Zablotska is careful to emphasize that all accounts indicate that Japanese nuclear workers, in contrast to clean-up workers at Chernobyl, are being monitored for exposures and routinely use protective clothing and gear.

Similarly to the United States, “The nuclear industry in Japan is very highly regulated and workers are closely monitored,” Zablotska says. In her study of 54,000 US nuclear power plant workers she reported that average total exposure over an average of 12 years of monitoring was 25.7 millisieverts.

By comparison, a full-body, medical CT scan may expose an individual to about 12 millisieverts of radiation, she says. Individual absorbed doses to some organs could be as high as 30 milligrays from one CT scan.

Organs differ in their sensitivity to radiation energy. The millisievert is a unit of radiation used to measure a dose averaged over all tissues of the body, and often is the measure used in studies of workers exposed to penetrating gamma radiation. A milligray is a measure of the dose received by specific organs. One-thousand millisieverts is equal to one sievert, and one-thousand milligrays is equal to one gray.
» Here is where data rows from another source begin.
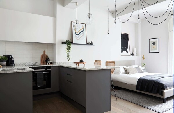 The kitchen is well equipped, suitable for cooking substantial meals and stocked at the start of your stay with basic essentials such as sugar, tea, coffee & granola. The studio is fitted with a flat-screen Smart TV and blackout blinds, however, please do bear in mind if you are a light sleeper there can inevitably be noise from the street when in London. The large bathroom is an En-suite with bath and shower and towels and premium soaps/shampoos are provided. Complementary WiFi is included throughout the building. The building is located on the main road so it is to note that there is street noise.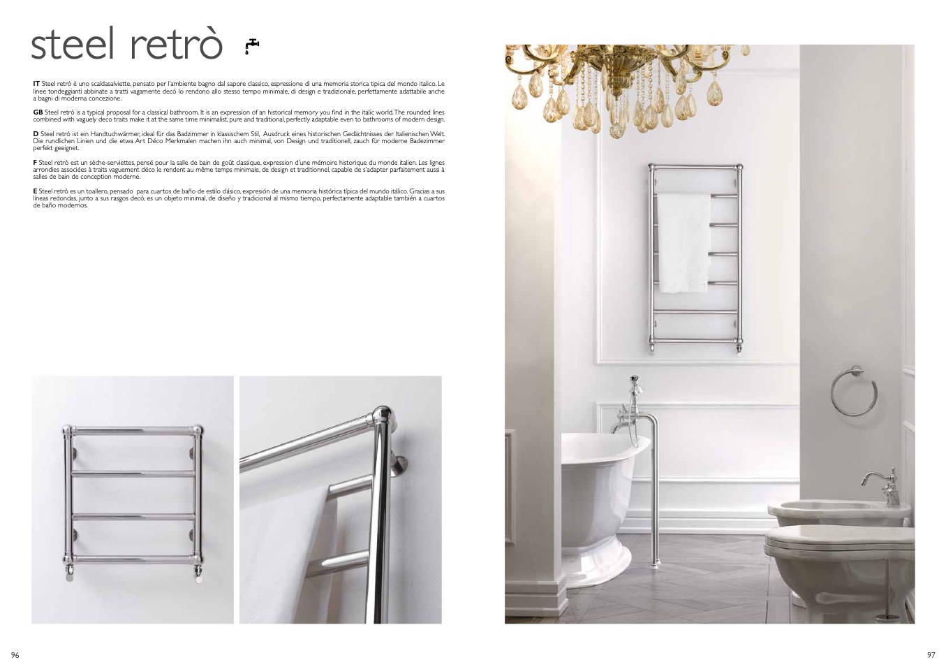 E Steel retrò es un toallero, pensado para cuartos de baño de estilo clásico, expresión de una memoria histórica típica del mundo itálico. Gracias a sus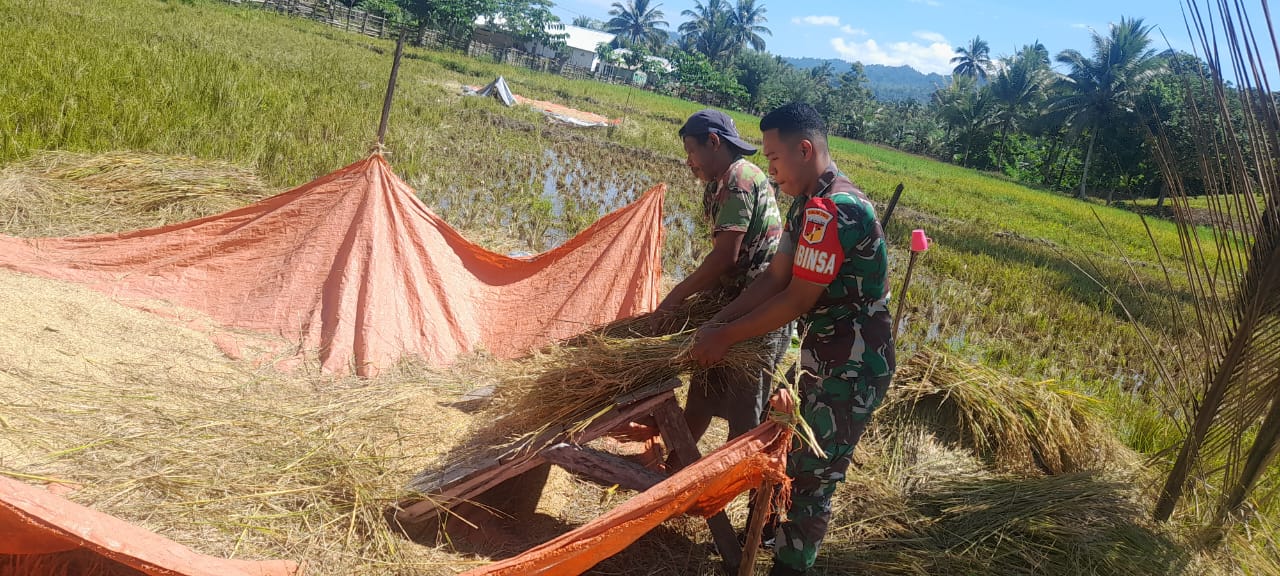 Babinsa Koramil 1305-08/Momunu Bantu Petani Rontokkan Padi Secara Manual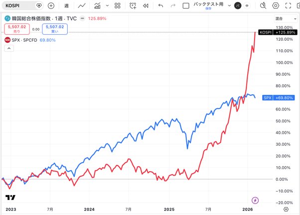 上のグラフは韓国株(KOSPI)と米国株(S&P500)の比較チャートです。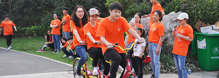 下午我们来到了桃花岛进行了3人2人骑自行车比赛,比慢!我作为有为青年和全能冠军当然所有项目都报名了。首先比的是三人自行车比赛,其中一组已绝对优势拿下冠军,随后开始的2人自行车比赛,随着时间的推移状况越来越激烈,其中三人组的冠军已绝对的优势,当大家以为他们的分数已经绝对的冠军,当大家认为无法超越的时候。尹总对谈经理说了一句话:你去试试,拼一下才知道,你行的。最后谈经理以微小的分差赢了取得了冠军。因为他拼搏了。晚上我们进行了晚宴很多老一辈的都上去唱了歌,其中的最让我的难忘的还是尹总的一见你就笑,开心快乐,康总的红日代表的希望。晚宴结束后自由活动打牌的打牌玩的玩好久没这么开心过了。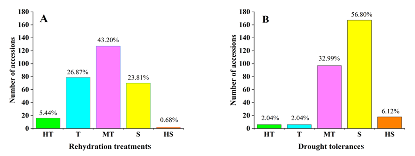 Key words: Brassica napus; whole reproductive period; drought resistance; drought resistance coefficient; membership function; cluster analysis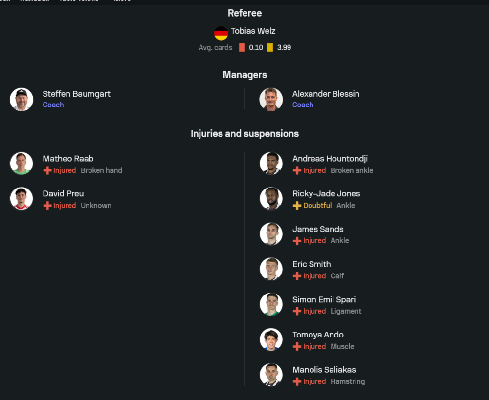 สเตฟเฟน เบาม์การ์ทยังต้องรีบพาทีมลืมเกมแพ้บาเยิร์น 0-4 ให้เร็วที่สุด แต่ข่าวดีคือแกนหลักหลายรายยังพร้อมลงสนาม และ อันดราส ชาเฟอร์ กลับมาเป็นตัวเลือกได้อีกครั้ง คาดว่าเจ้าถิ่นจะยึดระบบ 3-5-2 มี เฟรเดริก รอนโนว์ เฝ้าเสา แนวรับใช้ ดิโอโก้ ไลเต้, เลโอโพลด์ เคอร์เฟลด์ และ ดานิโล่ ดูกีห์ แดนกลางมี รานี่ เคดิร่า, อัลโยชา เคมไลน์, ชาเฟอร์ รวมถึงวิงแบ็กอย่าง เดอร์ริค โคห์น และ ยานิค ฮาเบอเรอร์ ส่วนเกมรุกฝากไว้กับ อีลิยาส อันซาห์ และ อังเดร อิลิช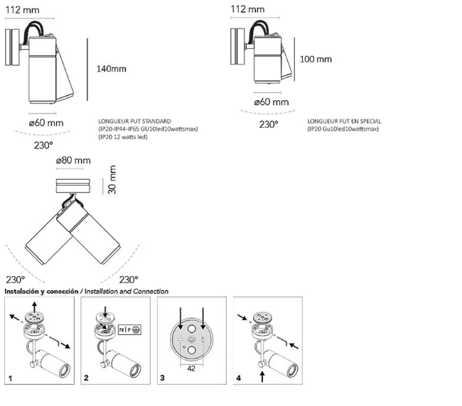 2x10W GU10 LED Flushmount champagner 2 Körper je 230° schwenkbar inkl. LM

Zablotska estimated that the exposure to Chernobyl clean-up workers in her study averaged 76.4 millisieverts. There is a significantly elevated dose-dependent risk for leukemia among the workers, she has found.

“At this point, you really can’t predict what risks there might be to workers or to the local population in Japan until we know more about the radioactive releases from the damaged reactors,” she says.